Let's look at the original waveform, as recorded.

The Initial Waveform

As you can see, there is a pretty wide dynamic range to this recording. The red bar represents the volume of the loud parts; the yellow, the soft. It was also recorded pretty low, so I really had to crank it up to hear it. What we're seeing is that the loudest parts of this passage are roughly 13 times louder than the quiet parts (refer to above disclaimer...). In practice, that burst at the beginning (on the left) was really loud, but by the time we got to the right, I was having trouble hearing it over the noise of the fan in my room. I had to keep turning it up.

So let's see what happens if we were to apply a compressor filter to this in our favorite audio editing program (for this example I used Audacity, which is really cool, really powerful and really free). To start, I tried a compressor with the threshold set at -30 dB and a 3:1 ratio. This is how it looked afterward.

-30 dB, 3:1 Ratio

1 Compressor Was Applied

Look at the difference. Now our Loud to Soft ratio is somewhere around 5.5:1 (again, see above disclaimer...). What this means is that there is significantly less difference between the softest passages and the loudest ones. The overall level is pretty low however, so we'll apply a normalizing filter to it. After we do that, it looks like this:

Normalizer Dialog

I will typically normalize to -1 dB, just to give it a little buffer (which, by the way, is why I didn't normalize to 0 dB in the compressor dialog). The normalization process takes a look at the signal and applies gain to the entire recording until the highest peaks touch the level you specify (the maximum amplitude). We do this at this point because we know what our highest peaks are (unlike when we are recording live), and we may as well take advantage of all the headroom the system has available.

1 Compressor, normalized

That looks better, but when I played it back, there was still a little more dynamic range than I wanted. So I got a little more aggressive with the compressor. This is how it looks with the threshold set at -35 dB and a 4:1 ratio

-35 dB, 4:1


1 Compressor is applied

Ok, now we're getting somewhere. What we are doing here is taking the loudest parts of the message and bringing them down closer to the softer parts. In this case we're down to just over a 3.5:1 ratio between the loud and soft. Again, we'll hit it with a normalizing filter and it looks like this:

1 with a normalzier

Now that's what I'm talking about! That will be super easy to listen to, and believe it or not, there's still plenty of dynamic range in the recording to easily tell when the speaker is emphasizing his words and when he's pulling back and speaking softly.
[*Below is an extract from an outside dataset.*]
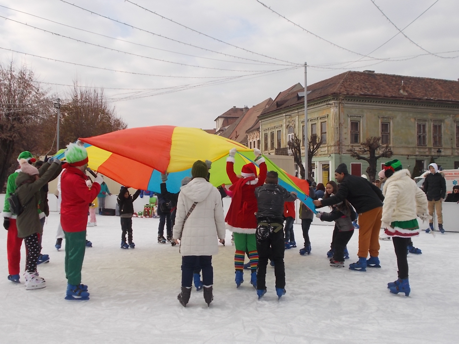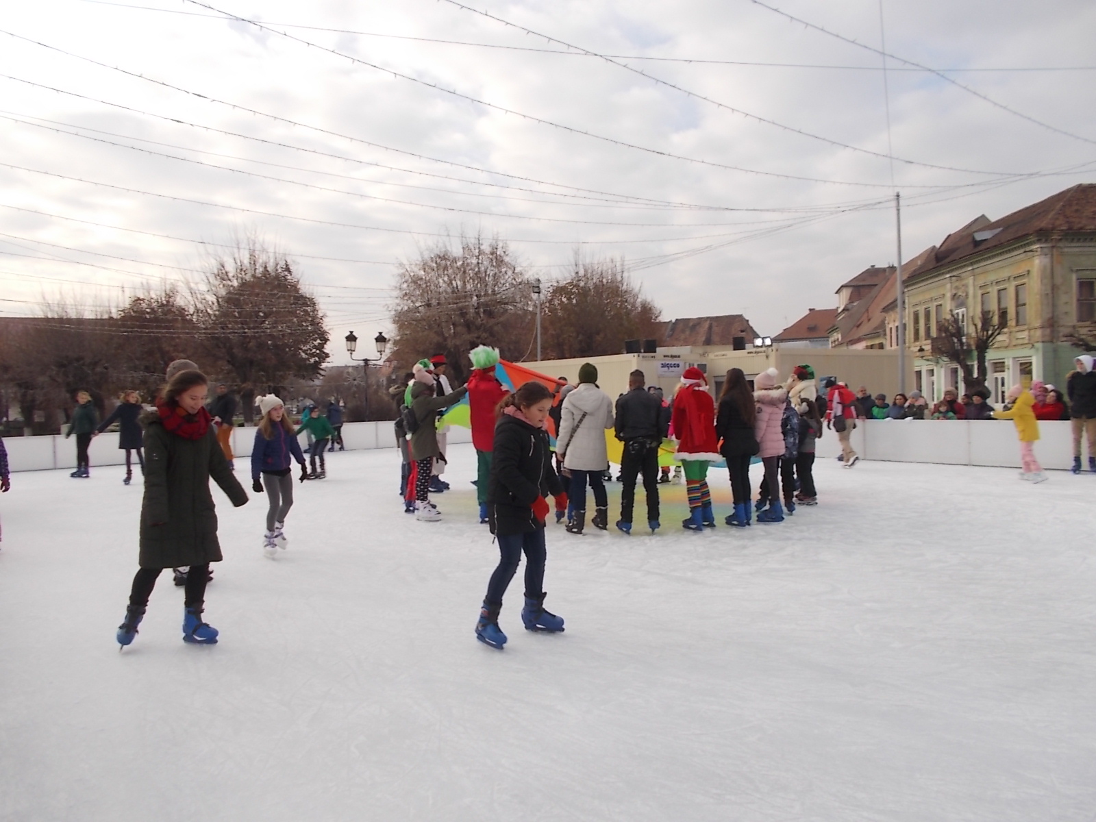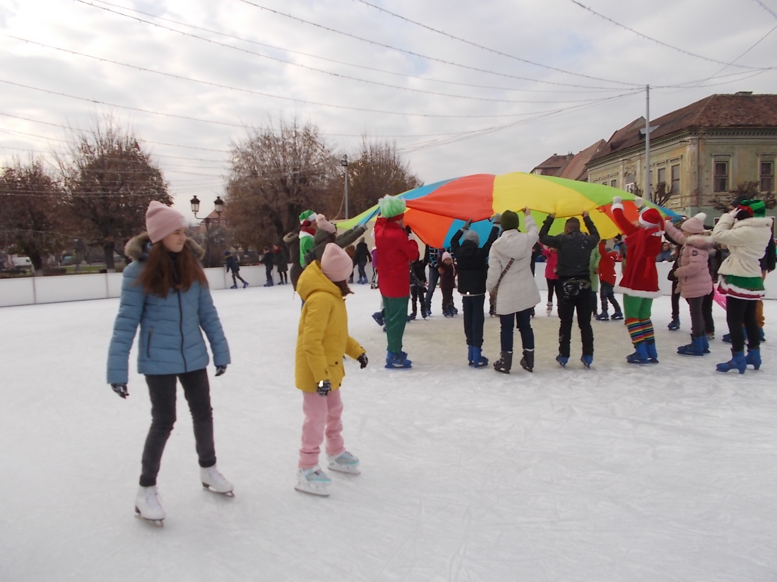 Astfel, începând cu ora 12, Trupa Oaki a prezentat o scenetă comică pe patine, dar și un program de dansuri cu fluiere și multă mișcare. Trupa are programe dinamice în care copiii au fost personajele principale. De asemenea, Clubul lui Miki Mediaș a prezentat povestea lui Grinch, cel care a furat Crăciunul. Acțiunea s-a desfășurat pe patine și povestea l-a prezentat pe Grinch, care e ursuz și supărat tot timpul și nu îi place Crăciunul.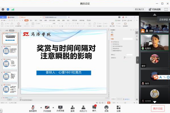 ——線上答辯、井然有序。各學院根據(jù)實際情況采取線下線上相結合的方式組織論文答辯。近2000名學生使用騰訊會議、騰訊課堂、釘釘?shù)确€(wěn)定、流暢的網(wǎng)絡平臺,通過在線直播互動或視頻會議方式進行論文答辯。各學院根據(jù)本院師生的論文寫作與指導進展情況,認真組織籌劃,嚴守時間節(jié)點,科學制定本學院畢業(yè)論文(設計)答辯方案及成績評定規(guī)范,提前做好在線答辯細節(jié)演練,分配好答辯小組,嚴密答辯流程,確保了答辯工作與往年現(xiàn)場答辯相比等質(zhì)同效、水準不降。在線上答辯中,合理分配任務,做好排序通知,保持答辯順暢進行。在線下現(xiàn)場答辯中,做好室內(nèi)消殺、開窗通風,避免人員聚集,嚴格落實各項防控措施。

The implied dynamics are there, but now I can actually hear what he's saying.

If this was recorded at the proper level (-12 dB peaks), a -35 dB threshold would have been way too low, and would likely have sucked the life out of the recording. You don't want all the peaks at exactly the same level, because that just sounds weird. You will have to experiment with this to determine what sounds good for your system.
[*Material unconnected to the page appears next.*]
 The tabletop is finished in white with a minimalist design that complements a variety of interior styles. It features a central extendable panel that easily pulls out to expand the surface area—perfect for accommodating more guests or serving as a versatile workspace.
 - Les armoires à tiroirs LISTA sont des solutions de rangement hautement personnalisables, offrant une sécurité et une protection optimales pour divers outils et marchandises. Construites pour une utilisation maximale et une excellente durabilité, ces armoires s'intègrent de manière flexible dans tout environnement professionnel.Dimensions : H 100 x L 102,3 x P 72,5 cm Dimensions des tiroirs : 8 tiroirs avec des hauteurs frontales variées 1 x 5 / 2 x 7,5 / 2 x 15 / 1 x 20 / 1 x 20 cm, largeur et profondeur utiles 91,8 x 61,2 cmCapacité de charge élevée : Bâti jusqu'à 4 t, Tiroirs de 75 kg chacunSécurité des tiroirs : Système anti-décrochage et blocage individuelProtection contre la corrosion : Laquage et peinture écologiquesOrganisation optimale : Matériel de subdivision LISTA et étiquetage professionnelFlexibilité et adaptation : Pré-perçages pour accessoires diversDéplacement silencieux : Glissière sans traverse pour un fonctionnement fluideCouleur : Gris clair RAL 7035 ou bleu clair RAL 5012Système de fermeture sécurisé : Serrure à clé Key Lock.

What is the lesson here? Whether you want to compress the recording on the way to the computer is up to you (though I think every speaking mic should be insert compressed for better performance live anyway), but the above examples give you a good idea of what you can do to maximize the listening pleasure of the audience after the fact. I have two presets set up in Audition (the software we use at church to record with) that first compress then normalize the signal. We save a .wav file, which is burned to a CD, then an MP3 which goes on the web. Since we started doing this, we've not had a single complaint about the volume level of the sermons on the CDs or on the web.
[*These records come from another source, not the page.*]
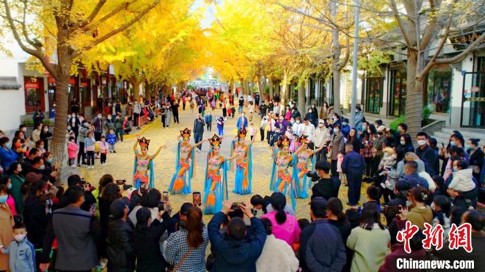 11月中下旬,在甘肅省天水市秦州區(qū)“黃金大道”上演了“絲路舞姿”,舞蹈是由秦州區(qū)文旅局組織的舞蹈隊帶來的舞蹈《絲路》《醉太平》和《萬疆》等。該路段由于216株銀杏樹的金黃色樹葉彼此參差相連,宛如兩條“黃金色帶”在道路兩側,所以被當?shù)鼐用穹Q為“黃金大道”。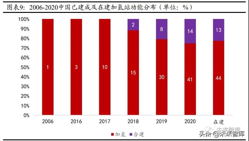 從加氫站的功能來看,國內(nèi)合建站占比逐年提高。根據(jù)《加氫站技術(shù)規(guī)范(國標(biāo) GB50516-2010)》,加氫站可以單站建設(shè), 但具有需要重新選址、投入成本高等弊端而 建設(shè)綜合加注站可以降低運(yùn)營成本。國內(nèi)目前正積極探索“油、氫、氣、電”的聯(lián)合 建設(shè)運(yùn)營模式,中石油、中石化等央企已開始進(jìn)行相關(guān)的研發(fā)和建設(shè)。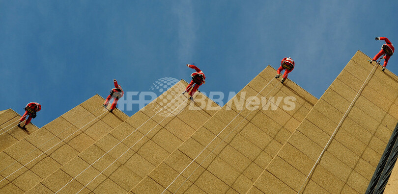 写真は、ホテルの壁を屋根から降りるサンタたち(2009年8月5日撮影)。(c)AFP/Greg WOOD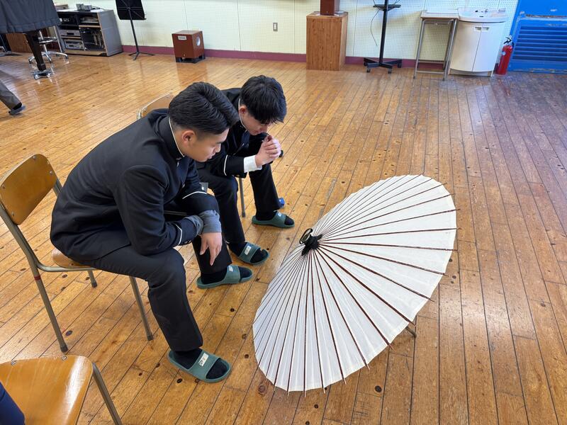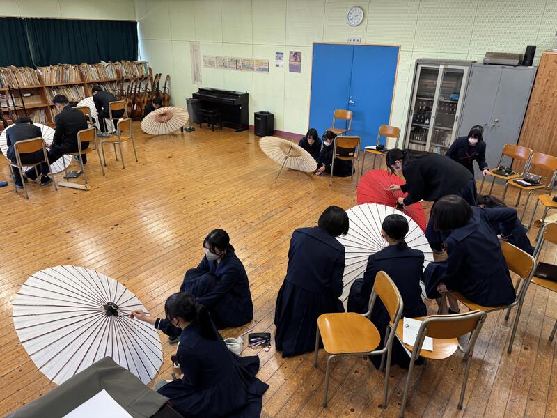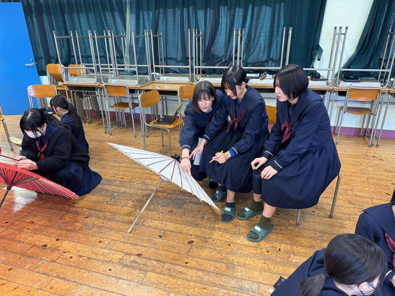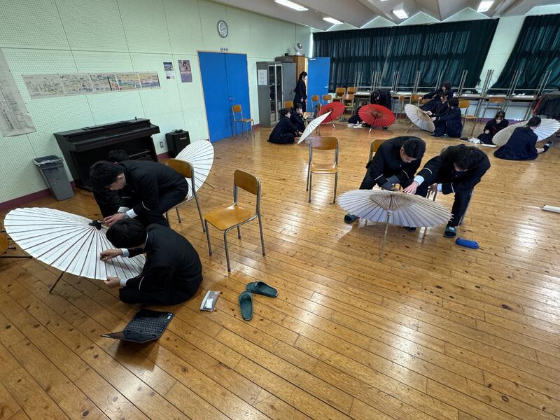 【3学年】山鹿灯籠浪漫・百華百彩に向けて傘の制作に取り掛かっています!

And again, I know I'm taking liberties with the concept of dynamic range here, and I know this is not, purely speaking, the most pristine way to record audio. So no flaming comments about the inaccuracy of my math or the flaws in my signal chain, OK?

Given the time constraints we're under to turn these recordings around, and the fact that the FOH engineer has enough to do mixing the service, never mind constantly tweaking recording settings, this works really well for us.

Try applying some post-recording compression this weekend. Best of all, if you don't like it, there's always "Undo!"